(Records from a data source)
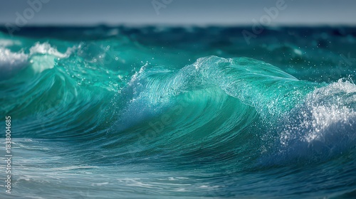 © HadilCreative, Obraz premium Bright Turquoise Ocean Wave Crashing with Sparkling Water Droplets in Sunlight
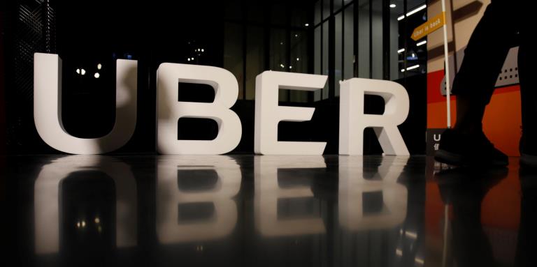 Logo de Uber durante una rueda de prensa enTaipei (Taiwán) hoy, 13 de abril de 2017. La multinacional estadounidense de servicios de transporte compartido Uber volvió hoy a funcionar en Taiwán después de dos meses de parón, tras encontrar un nuevo modelo aceptable para el Gobierno isleño, al que debe unos 2,23 millones de dólares (2,1 millones de euros) en multas impagadas. EFE
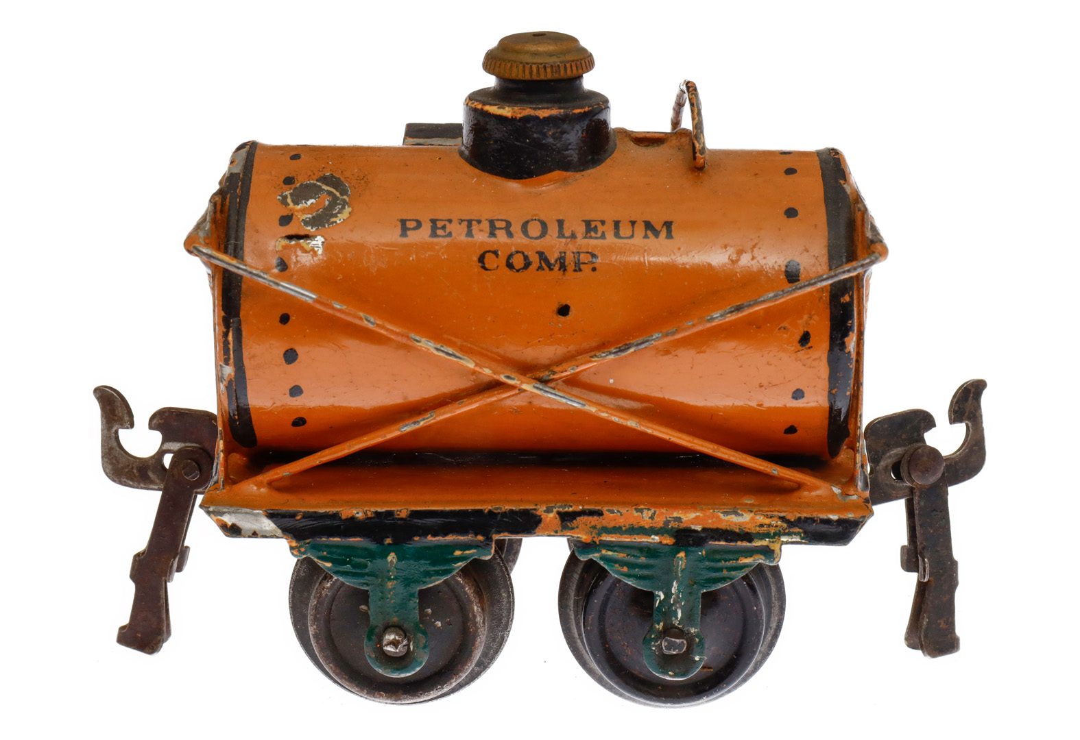 Märklin Petroleumwagen 1812, Spur 0, uralt, HL, mit 2 Löchern im Kessel, LS und gealterter Lack, L 8, Z 3
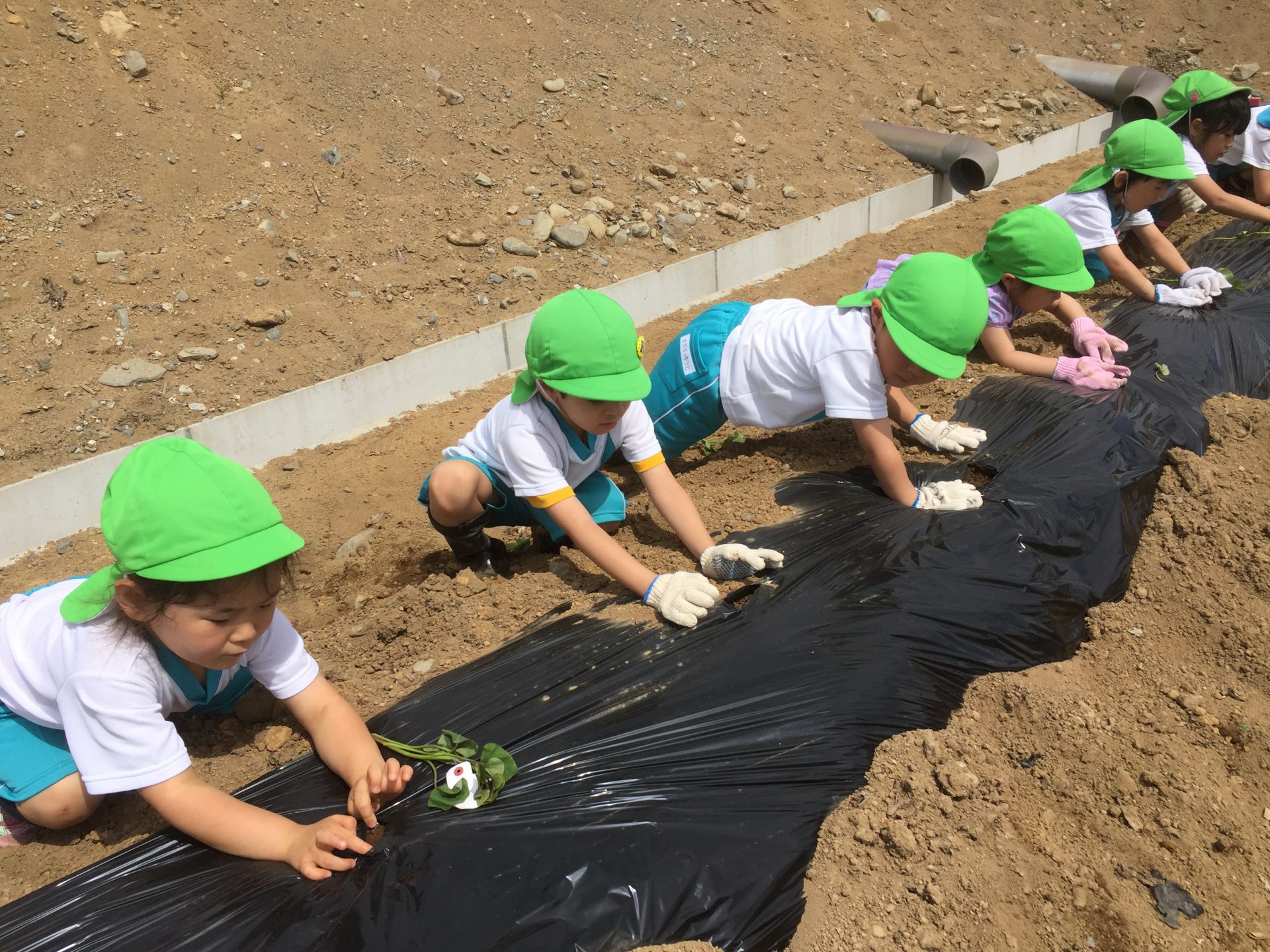 マルチの中の土と外の土の温かさを比べたり、実際に苗を植える大変さや楽しさを味わったりする。
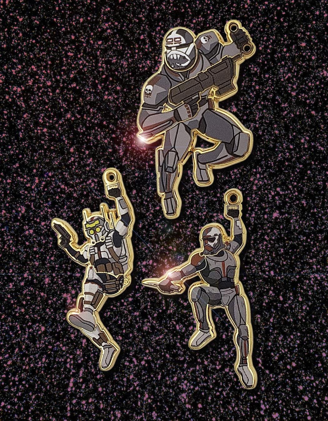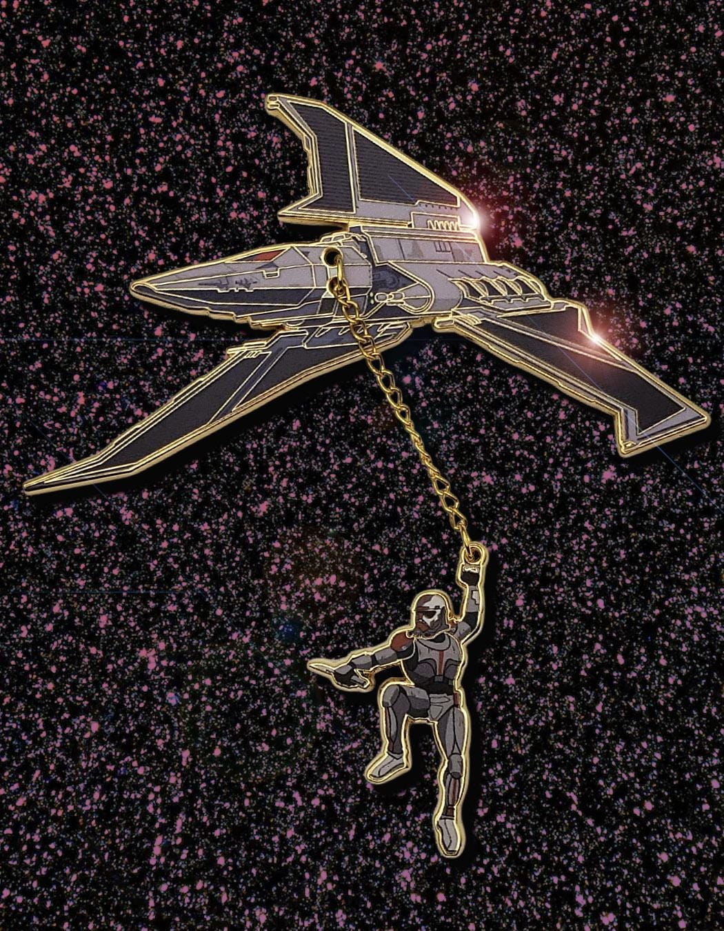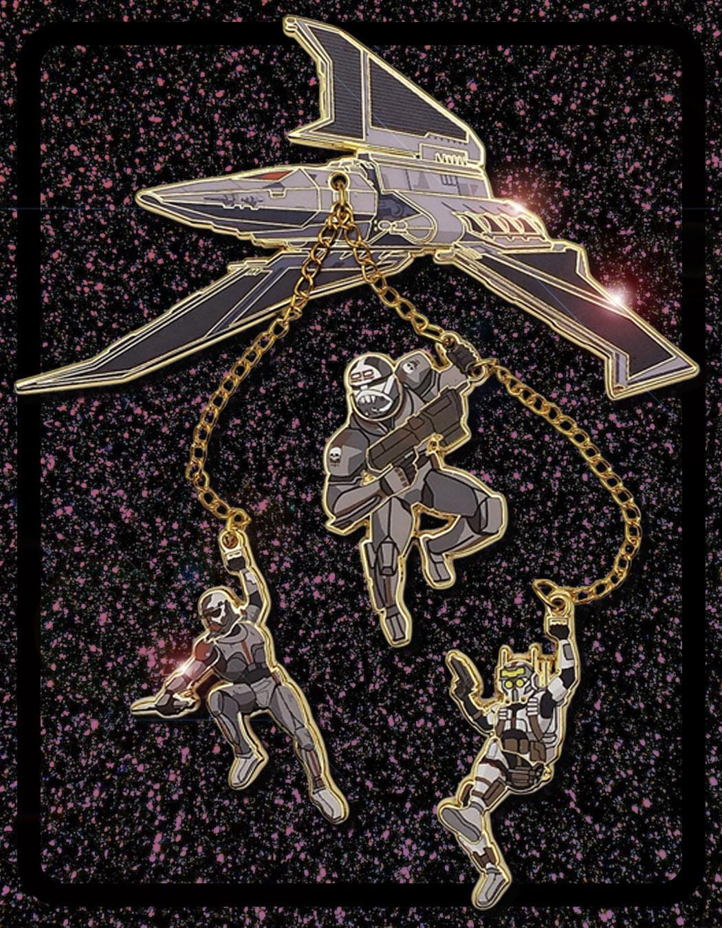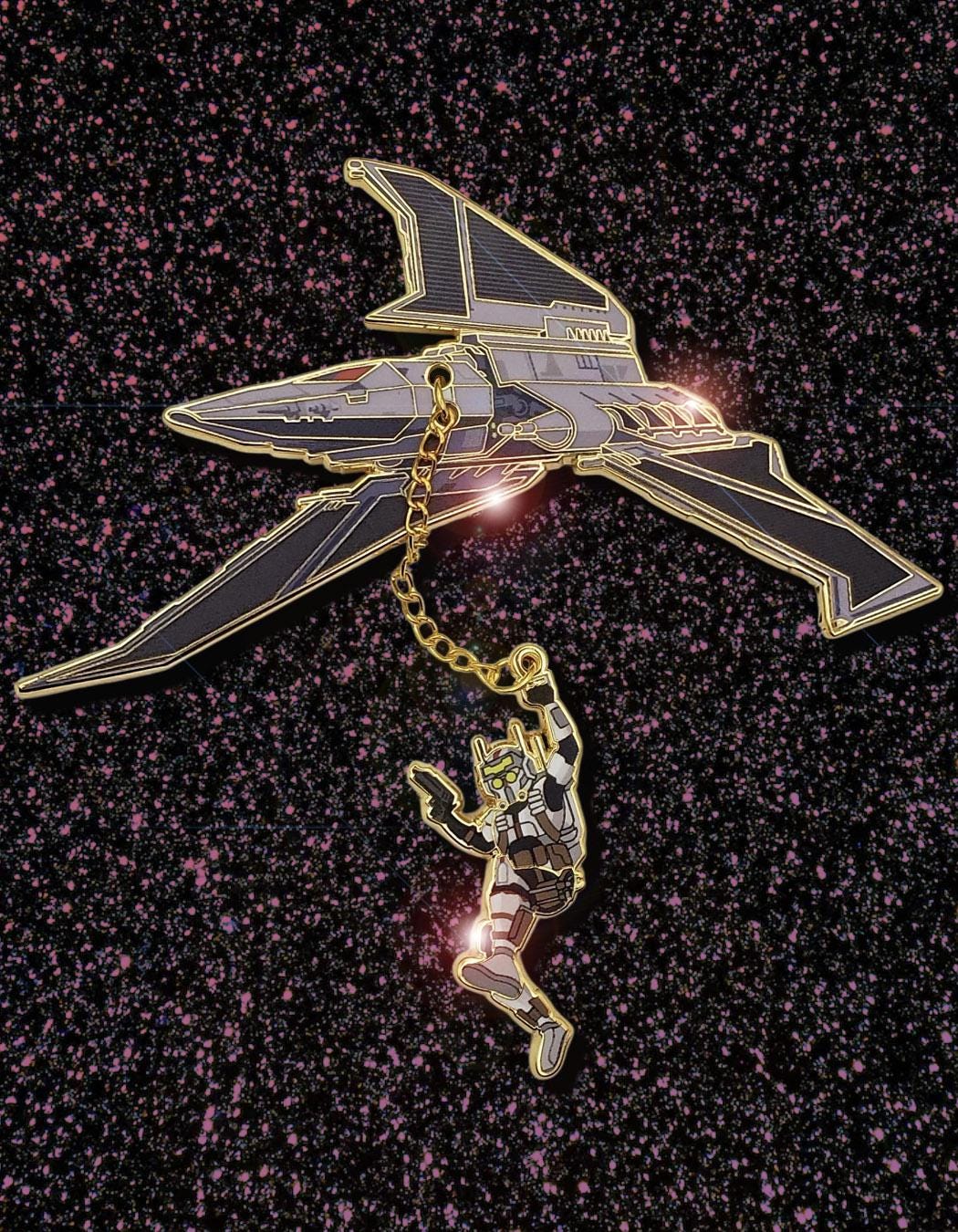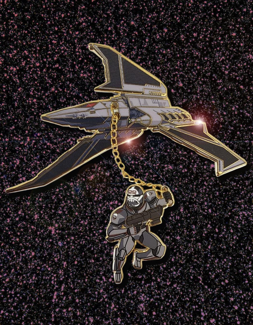The Havoc Marauder pin measures 3.5 inches across with screen printed details on hard enamel with polished nickel. It comes with 3 butterfly clasp pins on the back of the gunship for sturdy application. The figures have a pin back on it, so he can be positioned securely beneath the gunship. The figures measure 1.4 inches tall.

# [EXERCISE AIM]
All of the data above should be transcribed verbatim, with pictures omitted.

# [ANSWER TO THE EXERCISE]
 © HadilCreative, Obraz premium Bright Turquoise Ocean Wave Crashing with Sparkling Water Droplets in Sunlight
 Logo de Uber durante una rueda de prensa enTaipei (Taiwán) hoy, 13 de abril de 2017. La multinacional estadounidense de servicios de transporte compartido Uber volvió hoy a funcionar en Taiwán después de dos meses de parón, tras encontrar un nuevo modelo aceptable para el Gobierno isleño, al que debe unos 2,23 millones de dólares (2,1 millones de euros) en multas impagadas. EFE
 Märklin Petroleumwagen 1812, Spur 0, uralt, HL, mit 2 Löchern im Kessel, LS und gealterter Lack, L 8, Z 3
 マルチの中の土と外の土の温かさを比べたり、実際に苗を植える大変さや楽しさを味わったりする。
The Havoc Marauder pin measures 3.5 inches across with screen printed details on hard enamel with polished nickel. It comes with 3 butterfly clasp pins on the back of the gunship for sturdy application. The figures have a pin back on it, so he can be positioned securely beneath the gunship. The figures measure 1.4 inches tall.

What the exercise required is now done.